Gaussian Mixture Regression to obtain useful, actionable air pollution data from consumer-grade, low-cost monitoring devices
Our primary objective for this work will be to build a GMR model that can correct for bias in low cost particulate matter (PM2.5) sensors to be used globally. We will select 5-10 diverse reference PM2.5 and low cost PM2.5 co-locations to build a Gaussian Mixture Regression model (GMR). Recently, our team showed that GMR provides a higher quality correction factor for PurpleAir PM2.5 sensors than multiple linear regression and random forest, in terms of both correlation and accuracy. We then plan to evaluate this model on at least 20 independent co-location datasets that the GMR has not seen. There has been an exciting recent rise in commercially available low-cost sensors (LCS), such as PurpleAir (www.purpleair.com) and Clarity sensors, which when paired with machine learning (ML) based correction algorithms demonstrate high accuracy compared to co-located reference grade monitors5,6. So far, these corrections have been limited to the few LCS locations which are co-located with expensive reference-grade monitors, while the potential from the thousands of un-co-located sensors remains untapped. PurpleAir and similar devices have been deployed all over the world. Ideally our global correction factor will allow for the extraction of more trustworthy data from huge open-access databases of air pollution data such as PurpleAir.

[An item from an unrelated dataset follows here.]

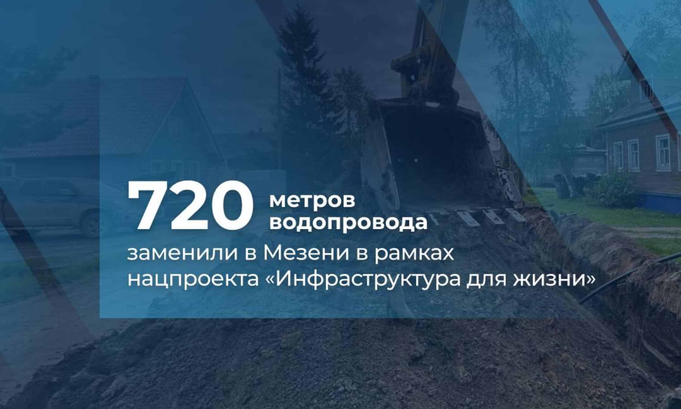 В Мезени завершился капитальный ремонт водопроводной сети в рамках нацпроекта «Инфраструктура для жизни». Общая протяженность нового водопровода составила 720 метров. Основные работы велись вдоль Первомайского проспекта. К обновленному трубопроводу
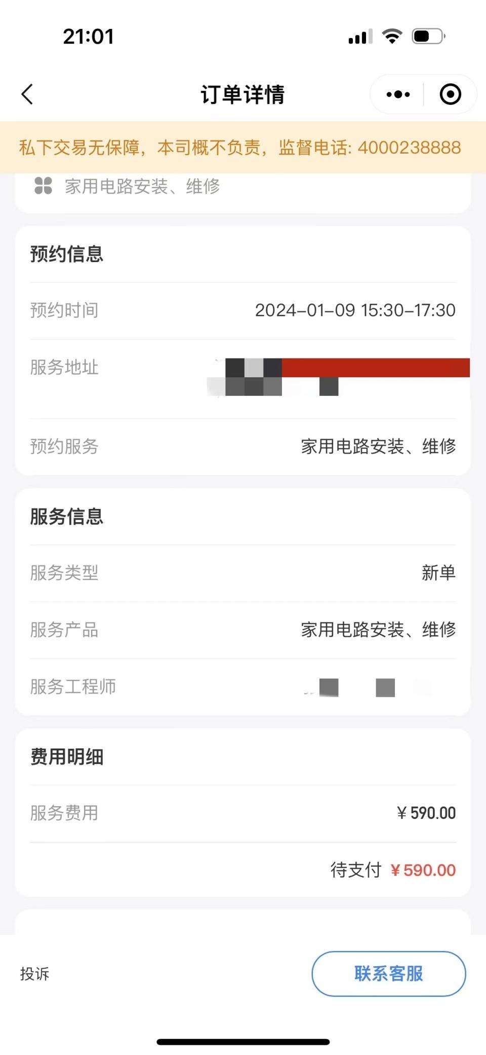 “两个啄木鸟维修的师傅上门来看,一共要维修4个电位,报价1100元,”邹女士说,“师傅给人的感觉也不太专业,检测过程中一直说房子不错,小区不错,两人交谈之间还互相问问有没有信心(修好),有宰客的感觉。”最后,邹女士把价格从1100元谈到了590元,师傅表示第二天上门维修。但在社交媒体查看到很多踩坑经历后,邹女士连夜取消了订单。

This project is eligible for a matching fund stipend from the Data Science Institute. This is not a guarantee of payment, and the total amount is subject to available funding.
Faculty Advisor
- Professor: Daniel M Westervelt
- Center/Lab: Lamont-Doherty Earth Observatory,
- Location: LDEO
- All things aerosol, air quality, atmospheric chemistry, and climate change. Using data science methods to extract useful data out of environmental sensors.
Project Timeline
- Earliest starting date: 3/1/2022
- End date: 8/1/2022
- Number of hours per week of research expected during Spring/Summer 2022: ~10
- Number of hours per week of research expected during Summer 2022: ~30
Candidate requirements
- Skill sets: R/Python, machine learning methods, probabilistic methods (e.g. Gaussian Mixture Models), work with sensor data
- Student eligibility: freshman, sophomore, junior, senior, master’s
- International students on F1 or J1 visa: eligible
- Academic Credit Possible: Yes